> [What to produce] Everything from the line containing "Olympus Mons: Olympus" through the last line of the data below is to be retyped exactly, apart from the pictures.

> [Data section]
****

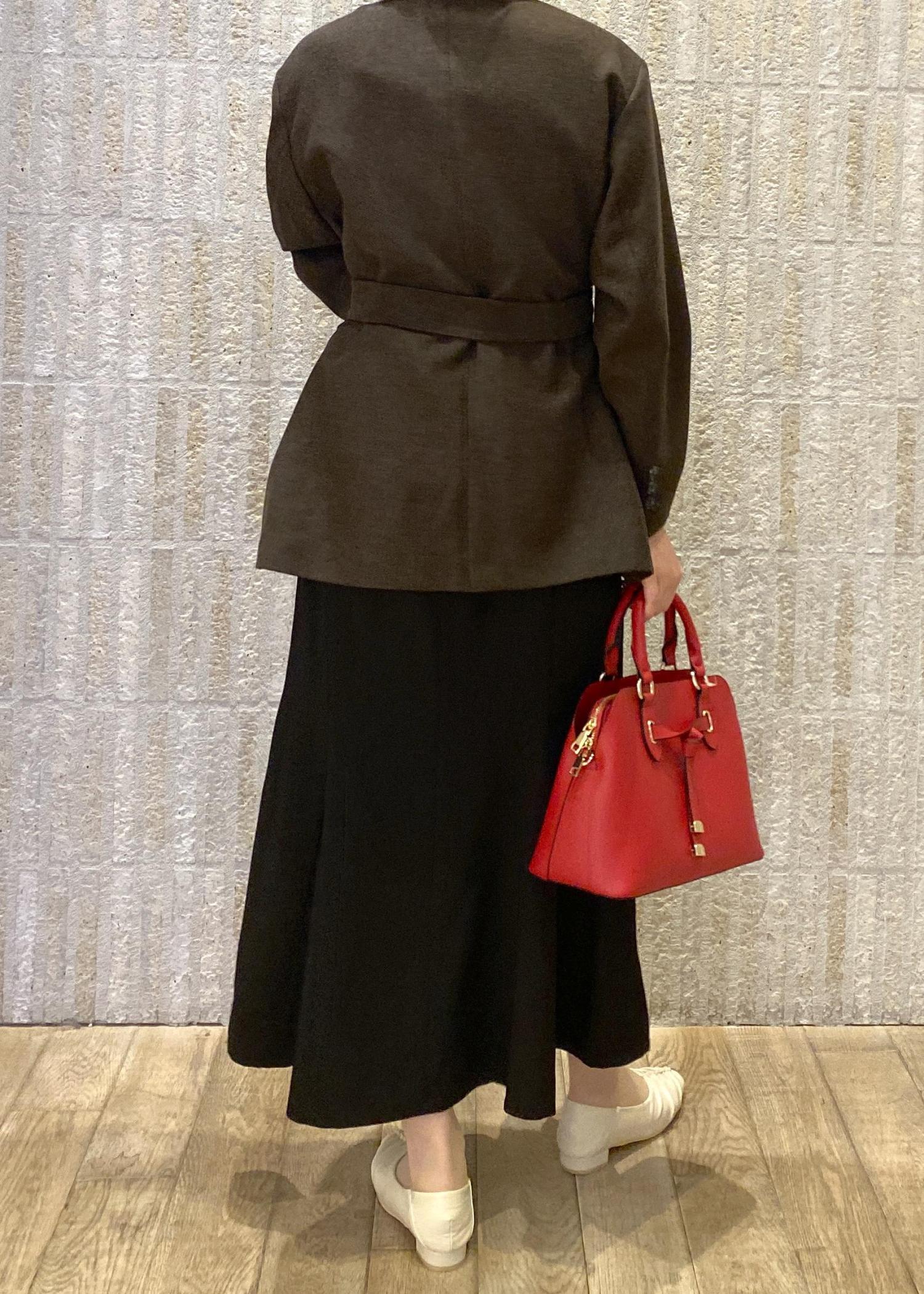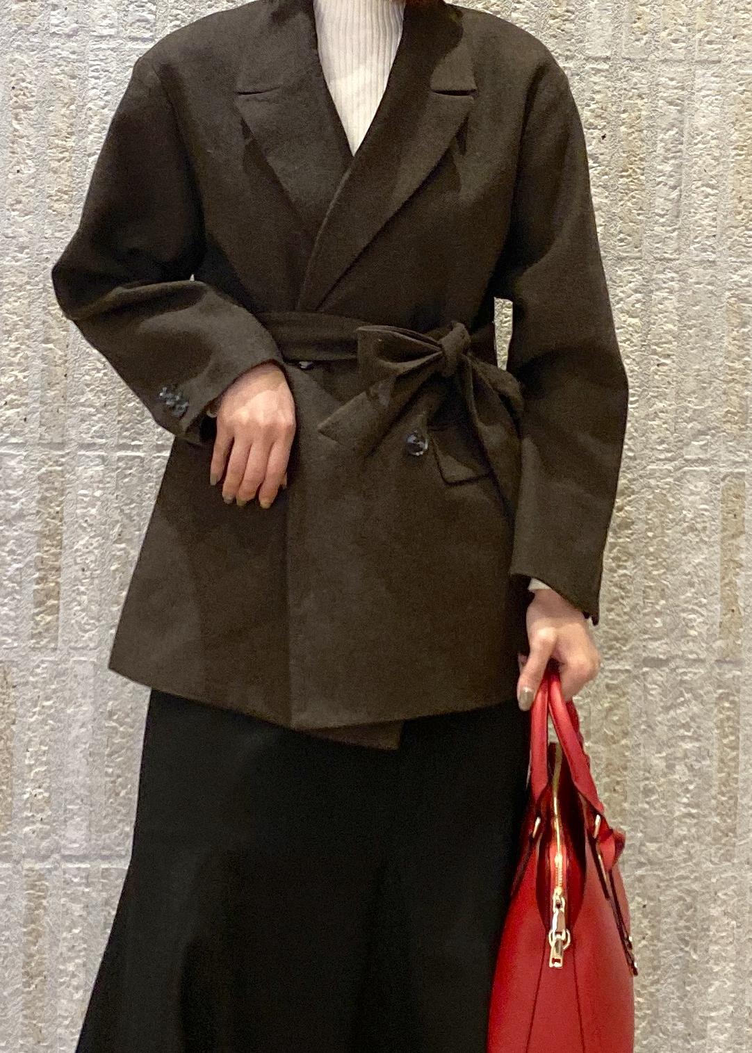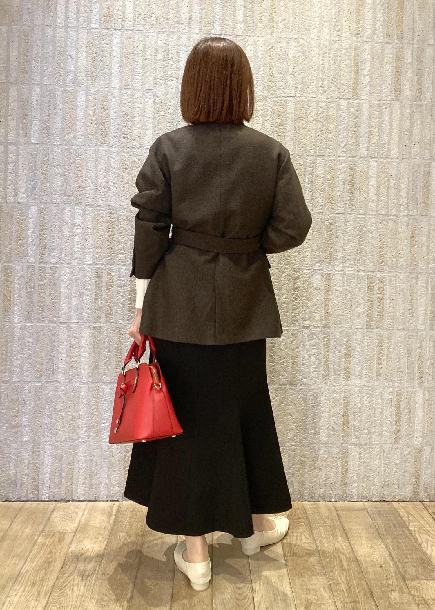 ジャケットに付いたベルトでウエストマークをし、シルエットにメリハリもつけています!
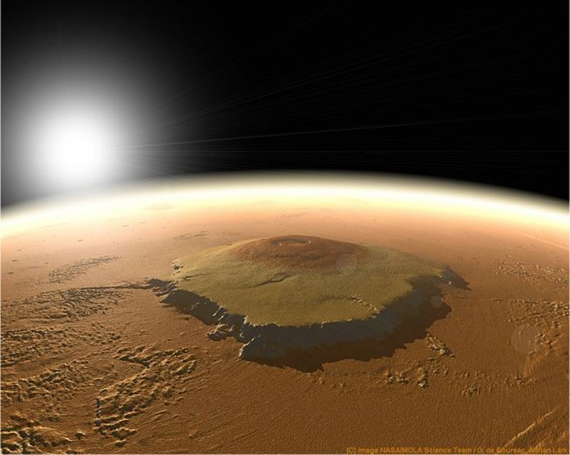 Olympus Mons: Olympus Mons adalah gunung berapi yang disebut paling ekstrim di Tata Surya, dengan luas sebesar negara bagian Arizona. Tingginya 25 kilometer atau sekitar 3 kali lipat gunung Everest. Gunung ini diperkirakan cukup mudah didaki. Foto: NASA
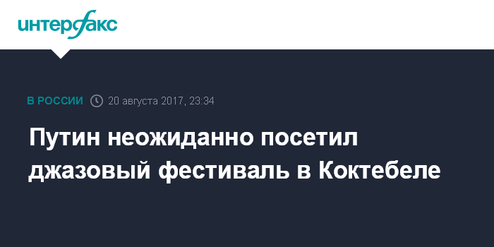 Москва. 20 августа. INTERFAX.RU - Президент России Владимир Путин вечером в воскресенье неожиданно приехал на международный джазовый фестиваль Koktebel Jazz Party.

****

> [Answer area]
 Olympus Mons: Olympus Mons adalah gunung berapi yang disebut paling ekstrim di Tata Surya, dengan luas sebesar negara bagian Arizona. Tingginya 25 kilometer atau sekitar 3 kali lipat gunung Everest. Gunung ini diperkirakan cukup mudah didaki. Foto: NASA
 Москва. 20 августа. INTERFAX.RU - Президент России Владимир Путин вечером в воскресенье неожиданно приехал на международный джазовый фестиваль Koktebel Jazz Party.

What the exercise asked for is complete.